Exercise	Central pattern	Associated discussion question
1. Lost in Hyperspace	a good feature beats a bigger model	Q10
2. Help BOBAI	a router over embeddings, no retraining	Q7, Q8
3. Restroom	zero-shot matching through similarity	Q9
4. Antique	clustering, pseudo-labels, classifier	Q11
5. Concepts	strict-schema generation	Q14

Homework

The four exercises below revisit the patterns from the notebook, but ask you to write new code rather than just tweak a parameter.

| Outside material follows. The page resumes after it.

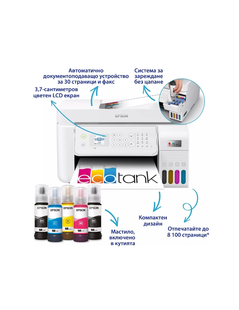 | Консумативи | 103 EcoTank Cyan Ink Bottle, 103 EcoTank Black Ink Bottle, 103 EcoTank Magenta Ink Bottle, 103 EcoTank Yellow Ink Bottle |

There's no single correct solution here, the point is to practice the reflex of "read the constraints, pick the pattern, build a quick baseline".

1. "Mirror World" (a 3D variant of Lost in Hyperspace)
Generate points on the surface of a sphere (instead of a circle), with noise, where the label is the latitude (the angle from the pole). Build a baseline (regression on the raw x, y, z coordinates) and an engineered feature (hint: arccos(z / vector norm)). How much does the error drop? Does it work as well as in 2D, or do new complications show up?

2. "New Species" (a variant with two new classes at once)
Start from the router in Exercise 2, but add TWO new classes at the same time, each with only 2-3 examples. Does the router mix them up with each other more often than it mixes them up with the old classes? Build a confusion matrix and explain what you observe.

3. "Mystery Boxes" (choosing the number of clusters without "cheating")
Run the pipeline from Exercise 4 again, but this time pick the number of clusters k without looking at y_true, using the silhouette score or the "elbow" method. Compare the final result (acc_vs_truth) when you pick k correctly versus when you pick k wrong by plus or minus 1. How much does the choice of k actually matter?

4. "Strict Diary" (your own guided-decoding schema)
Design a JSON schema for a different domain, say a "daily journal entry": {"mood": one of [...], "hours_slept": an integer from 0 to 12, "activities": a list of strings}. Write a noisy generator, a naive parsing function, and a guided generation function for your schema, then report the validation rates. What changes compared to Exercise 5 once you have a list-type field instead of just scalar ones?

How you know you're done well: for each homework item, you should be able to answer in 2-3 sentences the question "what pattern did I practice, and why did it work (or not)?", the same way we did in the solutions above.